PolygloToxicityPrompts: A Comprehensive Multilingual Dataset to Address Toxicity in AI

  • Internet’s low-quality data contributes to unsafe and toxic elements in large language models (LLMs).
  • Existing toxicity datasets are mainly English-focused and insufficient for multilingual assessment.
  • AI2 and Carnegie Mellon University (CMU) introduced PolygloToxicityPrompts, featuring 425,000 prompts across 17 languages.
  • Dataset emphasizes short, potentially toxic text snippets for early toxicity detection.
  • Reveals higher toxicity in languages with less high-quality data (e.g., Hindi, Czech) and lower toxicity in languages with robust data (e.g., Russian, Dutch).
  • Larger base models tend to learn more toxicity, while instruction- and preference-tuned models show reduced toxicity.
  • Comparison of PerspectiveAPI and Llama Guard highlights the need for distinct solutions for toxicity and safety.

Main AI News:

The internet’s expanding reservoir of low-quality data has introduced undesirable, unsafe, and toxic elements into large language models (LLMs), heightening the risk of harmful interactions when these models are deployed in chatbots and other applications. Traditional toxicity evaluation datasets, which predominantly focus on English, are inadequate for capturing multilingual toxicity, thereby compromising the overall safety and reliability of these models. To address this significant gap, AI2, in collaboration with Carnegie Mellon University (CMU), has developed PolygloToxicityPrompts, an extensive dataset comprising 425,000 naturally occurring prompts in 17 different languages, each exhibiting varying degrees of toxicity.

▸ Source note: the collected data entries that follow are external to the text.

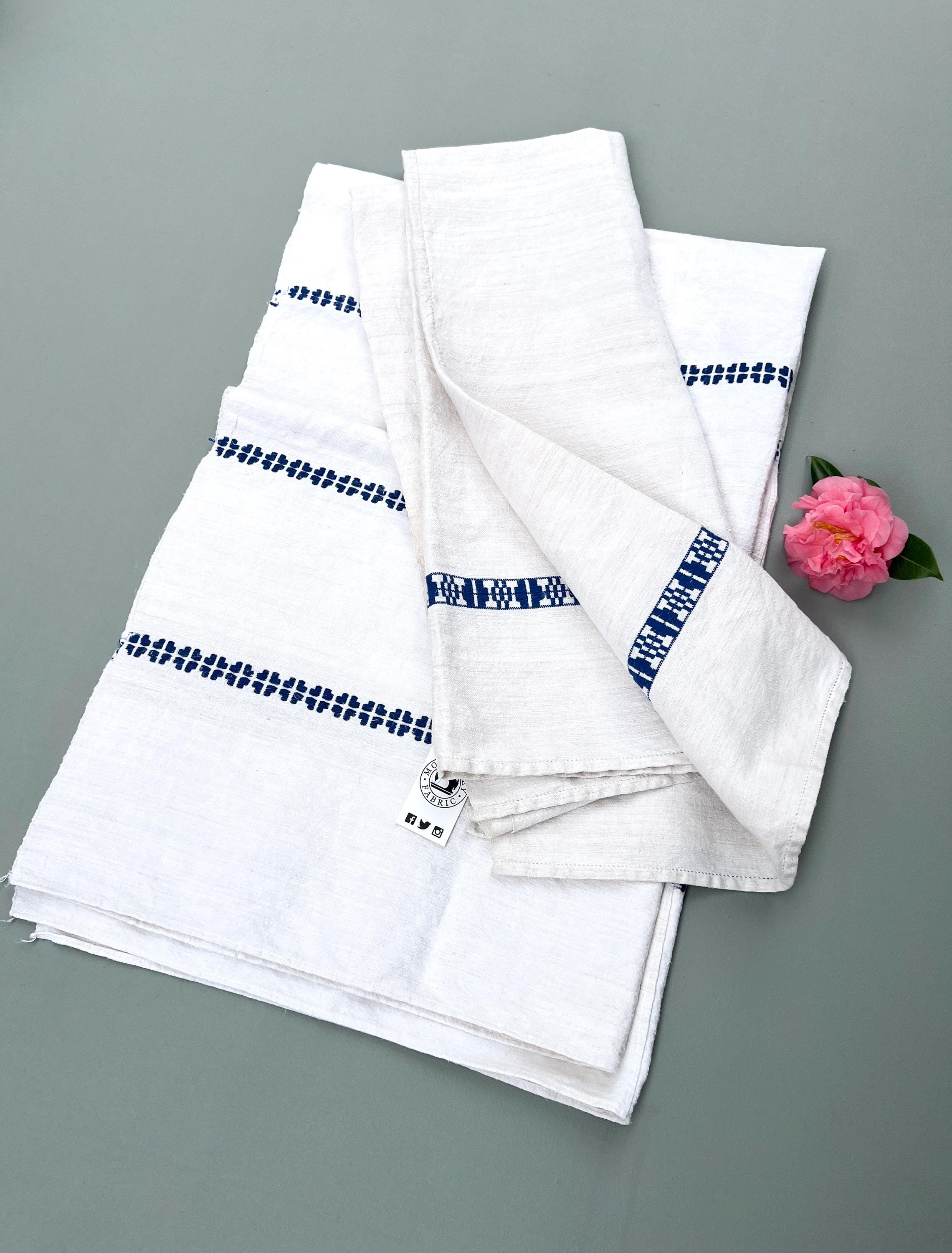 Due to the handmade nature of these linens (homespun natural linen fibers and handwoven on a wooden loom), there are some minor imperfections in the weave of the fabric. These are considered part of their character.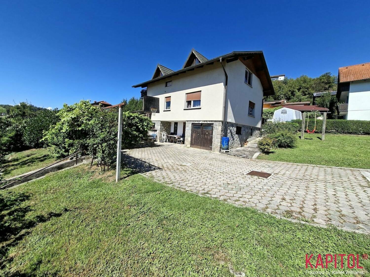 Že ob prihodu očara urejeno dvorišče z dovolj prostora za parkiranje več vozil, funkcionalna zasnova hiše pa omogoča tri ločene vhode in 3 bivalne enote, kar je odlična rešitev za večgeneracijsko bivanje ali investicijo.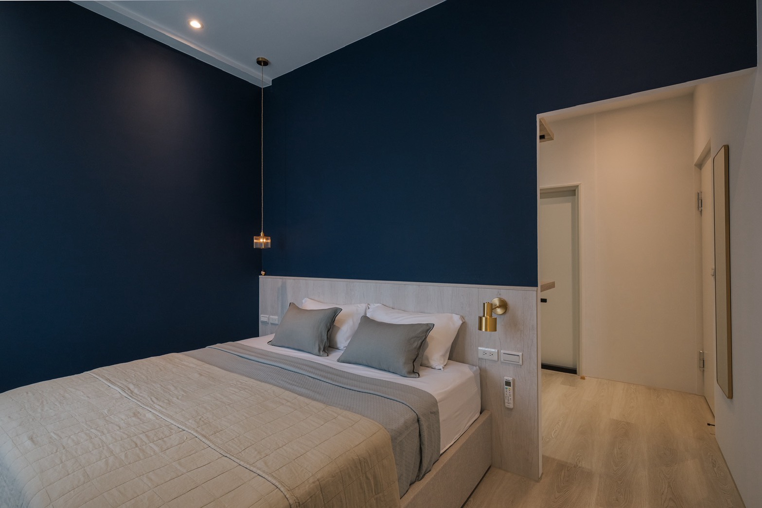 ▲ 主臥深藍色牆面賦予空間優雅氛圍

This novel dataset aims to provide a more accurate assessment of toxicity in LLMs by incorporating prompts extracted from the web, with a particular focus on short, potentially toxic text snippets rather than lengthy comments or entire conversations. By doing so, PolygloToxicityPrompts enables the early detection of harmful content, thus enhancing the ability of models to manage and mitigate toxicity from the outset. This approach extends the work of previous datasets like RealToxicityPrompts, broadening its scope to include a diverse range of languages and improving the evaluation of multilingual models.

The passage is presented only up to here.